§ **WORK INSTRUCTION**
Output everything in the data exactly, leaving the pictures out.

§ **DATASET SECTION**
== Segment start ==
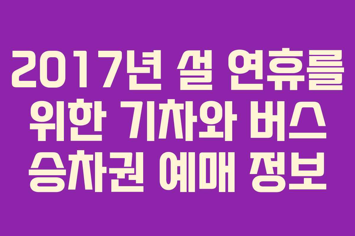 2017년 설 연휴가 다가오면서 많은 사람들이 기차와 버스 승차권 예매에 대한 정보를 찾고 있습니다. 이번 글에서는 기차와 버스 승차권의 예매 일정과 주의사항에 대해 자세히 다뤄보겠습니다. 각 교통수단에 대한 예매 방법과 필요한 정보들을 통해 효율적인 여행 준비를 할 수 있도록 돕겠습니다.
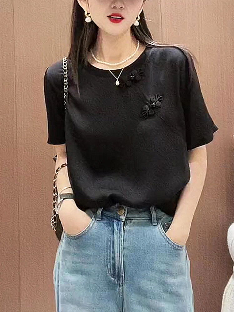 Black Round-Neck New Chinese-Style Button T-Shirt 2025 New Popular Style for Slightly Chubby Women, High-End Designer Plus-Size Top
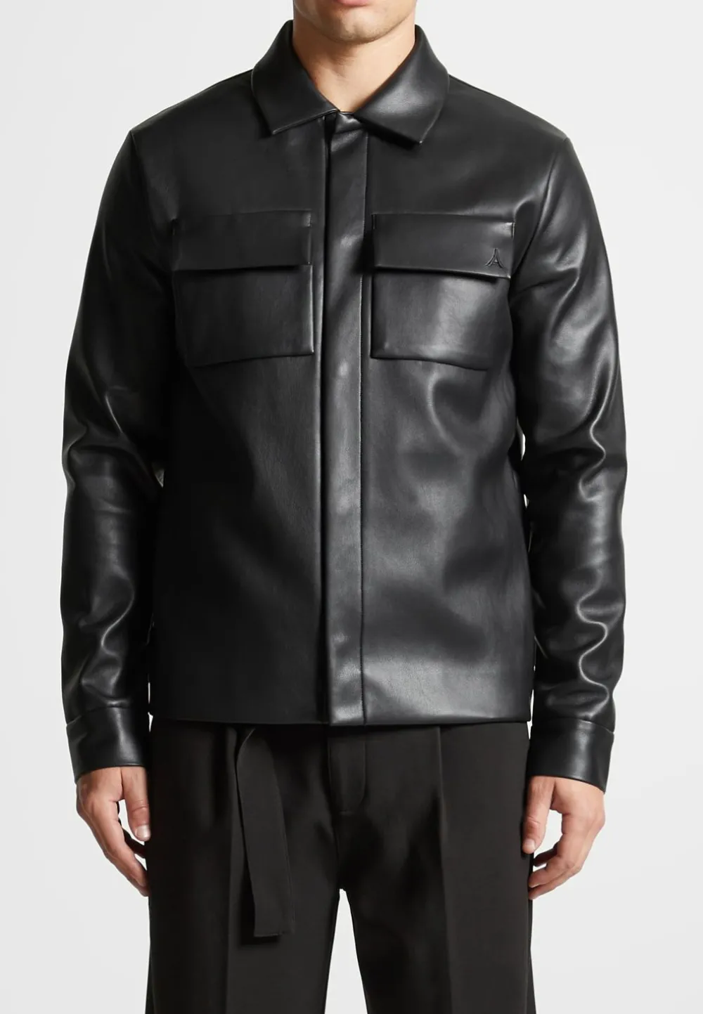This Vegan Leather Shirt Jacket Is The Perfect Blend Of Style And Practicality. Its Heavy-Weight Construction Provides A Long-Lasting And Durable Wear. It Is Perfect For Cooler Weather And Pairs Perfectly With Our Belted Trousers.
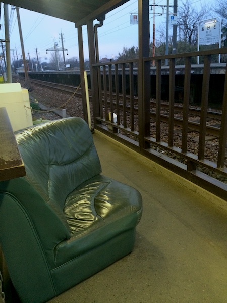 プレハブ無人駅には不釣り合いな高級ソファーに身を沈め今日の遠足を回想(スマホの写真チェック)
== Segment end ==
§ **SOLUTION**
 2017년 설 연휴가 다가오면서 많은 사람들이 기차와 버스 승차권 예매에 대한 정보를 찾고 있습니다. 이번 글에서는 기차와 버스 승차권의 예매 일정과 주의사항에 대해 자세히 다뤄보겠습니다. 각 교통수단에 대한 예매 방법과 필요한 정보들을 통해 효율적인 여행 준비를 할 수 있도록 돕겠습니다.
 Black Round-Neck New Chinese-Style Button T-Shirt 2025 New Popular Style for Slightly Chubby Women, High-End Designer Plus-Size Top
This Vegan Leather Shirt Jacket Is The Perfect Blend Of Style And Practicality. Its Heavy-Weight Construction Provides A Long-Lasting And Durable Wear. It Is Perfect For Cooler Weather And Pairs Perfectly With Our Belted Trousers.
 プレハブ無人駅には不釣り合いな高級ソファーに身を沈め今日の遠足を回想(スマホの写真チェック)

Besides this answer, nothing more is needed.